2) Since the BS Tests don't really measure real educational achievement, to help any students do "it" (get a good score), we have to take time and resources away from providing a real education. That means the worse students do on the test, the more likely it is to lead to their getting less quality education, not more. And there is not a speck of data to suggest that having super PARCC scores opens doors for anybody, anywhere.

More disagreements

My disagreement with Bowling can fit into this Complete The Sentence puzzle' From Bowling's piece--

I am not naive about class: obviously the children of lawyers and programmers are going to have a leg up on my students when it comes to testing and life outcomes, but that makes it all the more important that I help my student...

I would finish this sentence any number of ways: ...become excellent readers.  ...develop excellent writing skills.  ...learn to be excellent collaborators. ...learn to leverage all available resources to their greatest advantage. ...learn how to play The School Game as smoothly as possible. ...learn how to be awesome with a level of confidence that makes them believe they can conquer the world. ...become fluent and confident and unapologetic in expressing their unique personal voices.

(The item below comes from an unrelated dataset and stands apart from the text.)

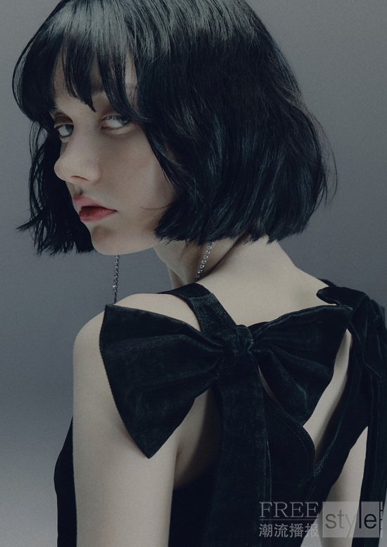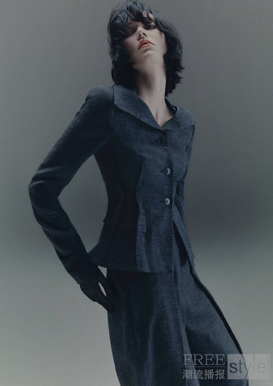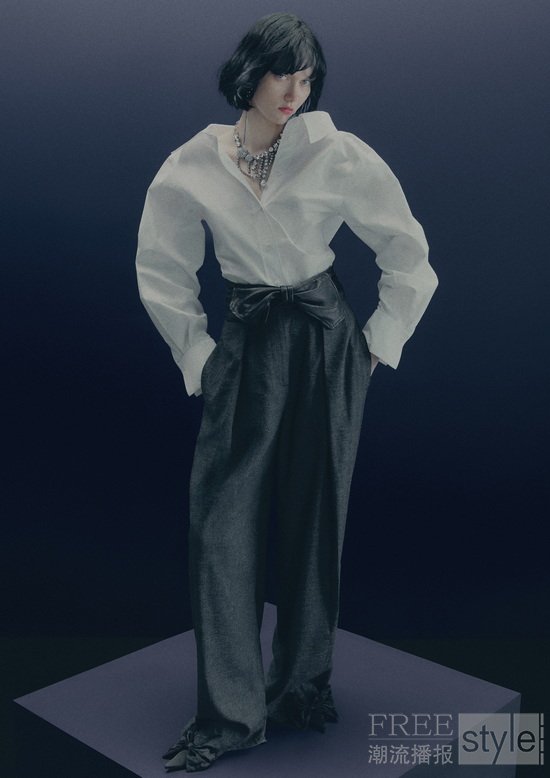 衬衫设计亦别具新意,经典白色礼服衬衫以宽敞领口与落肩设计重新定义女性力量;高领荷叶边衬衫则融合褶饰胸襟与深袖口细节,为造型增添层次感。外套延续品牌的廓形表达,棕黑格纹呢大衣以柔和线条和独立围巾设计,营造温暖包裹感;短款水洗皮夹克以风衣结构重塑比例,恰如节日夜色间的一抹冷冽锋芒。配饰部分,缎面蝴蝶结细高跟鞋与宽靴筒皮靴勾勒利落线条;荷叶边蕾丝手套、多层项链与水洗丝绒贝雷帽为整体造型增添戏剧韵味,呼应本季系列自由与浪漫的精神气息。

Bowling finishes it ...prepare to take the assessments.  He offers that as an alternative to accepting the narrative of "poor kids can't," and I won't pretend for a moment that such a narrative doesn't exist out there. But "think poor kids must fail" or "get ready to take a standardized test" are not the only two options. They can't be, because they both suck mightily. 
  
Bowling says that we need system-wide data to close "the Achievement/Opportunity (whatever we're calling it now) Gap." But there's a reason that terminology is unclear-- because we don't want to call the gap what it is, which is a test score gap. And closing the test score gap is no more a useful gap to focus on than the pants pockets gap or the good haircut gap. 

Bowling also says that he only objects to the way that testing has warped and twisted schooling, but that's inevitable. For the tests to generate data, students and teachers must be forced to take them seriously, which means high stakes (particularly for those folks who want the data specifically in order to close schools and fire teachers), and high stakes mean intense focus and that means twisting and warping.

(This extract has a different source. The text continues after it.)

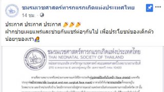 ชมรมเวชศาสตร์ทารกแรก แนะใส่แมสก์ให้ทารก เสี่ยงขาดอากาศหายใจ

Bowling ends with examples of the data collection all around us-- fitbits (me too, but Bowling is a more determined walker than I) and battery charge readouts and weight. But those data are actual numbers corresponding to real things. My fitbit doesn't try to tell me how much I've walked today by counting the hairs on my wrist; it also doesn't use my step count to deduce my height, weight, blood pressure and show size. It only measures what it measures. And BS Tests only measure how many times the student selected a response that the test manufacturer wanted her to. That's supposed to be a proxy of achievement; I don't believe it's anything remotely like an accurate proxy.

Bottom Line 

I appreciate Bowling's thoughtful approach to the questions. And we folks on the pro public ed side of the reformy debates would do well to remember that we still need answers to the question of how the needs of poor students can best be met. Bowling is concerned that removing the current system leaves us with nothing to act on; I believe it is providing us nothing to act on now, and wasting our time and resources to boot. How to thread the needle and still get to eat our cake is a problem that still needs to be solved.

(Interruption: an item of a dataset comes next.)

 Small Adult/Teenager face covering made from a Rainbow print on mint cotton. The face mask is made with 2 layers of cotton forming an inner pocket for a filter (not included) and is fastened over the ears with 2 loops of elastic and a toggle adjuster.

You can find Bowling's next post in this series here.

1 comment:

  1. The one thing everybody ought to agree on is that tests should not be used in any way to evaluate individual teachers, since it's clear they are not a valid indicator of the effectiveness of the individual teacher; and since it's systematically unfair to use them this way, doing so will only drive teachers and prospective teachers away from the system, and especially from the schools that need them the most. That much should be clear.

    After that we can debate whether or not testing has any intrinsic value; if so, what kind of action should be indicated from the scores; and whether using the scores to punish schools will produce useful results or be counterproductive.